Prado Restaurant review - Lisbon, Portugal
Exquisitely balanced, ingredient-led, farm to table food served with beguiling simplicity in a low-key, large and leafy restaurant has been causing a stir on one of Lisbon’s narrow, cobbled streets.
The concept for the menu and the design came from the building itself, an abandoned early 19th-century factory which made candied fruit, preserves and biscuits. Left derelict for 20 years, verdant vegetation had wrapped itself around the pulley system, hanging down from the high ceilings. From this, the idea of Prado – which translates as Meadow – was born, and local outfit Ark Studio designed an urban restaurant which brims with the feel of a pastoral paradise. Endless greenery hangs from the ceilings and cascades from the high window sills over white-washed walls which are trimmed with sage-green wooden shutters and wood panelling- also echoed in the napkins and uniforms.

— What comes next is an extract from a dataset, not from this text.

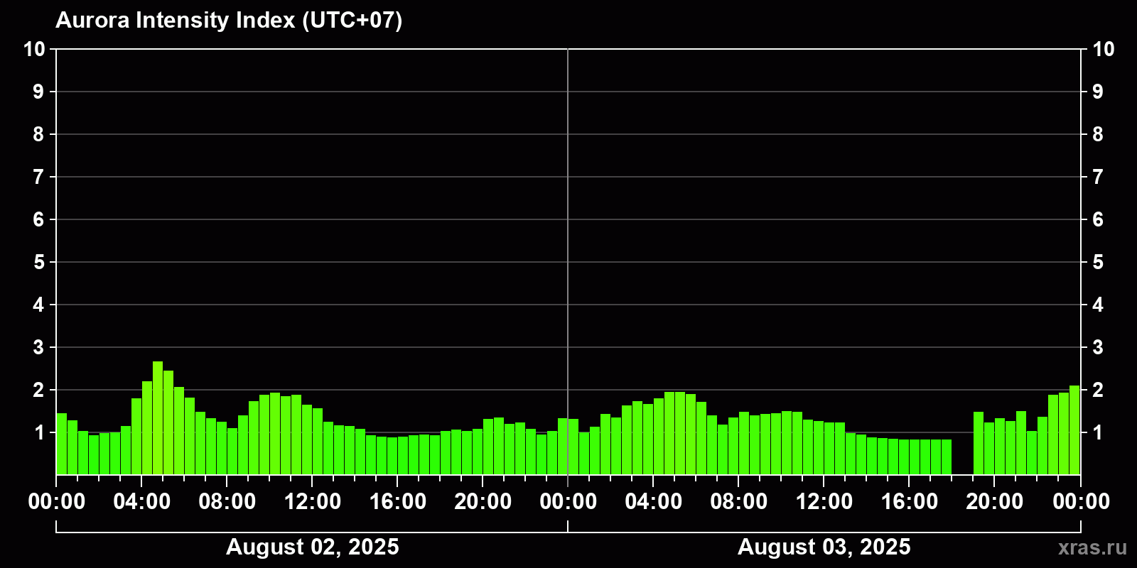 Changes in the auroral intensity index from 2025-08-02 to 2025-08-03 local time

The seasonal food delivered by the young and very talented António Galapito celebrates Portugal’s bounty and dances off the plate from the very first taste of fresh goat’s butter with smoked salt and sea lettuce. Expect dishes like Minhota beef tartare, wrapped in grilled kale; or smoked Bluefin tuna belly, kumquat and bergamot mint; and don’t miss the sensational mushroom ice cream, pearl barley, dulse and caramel.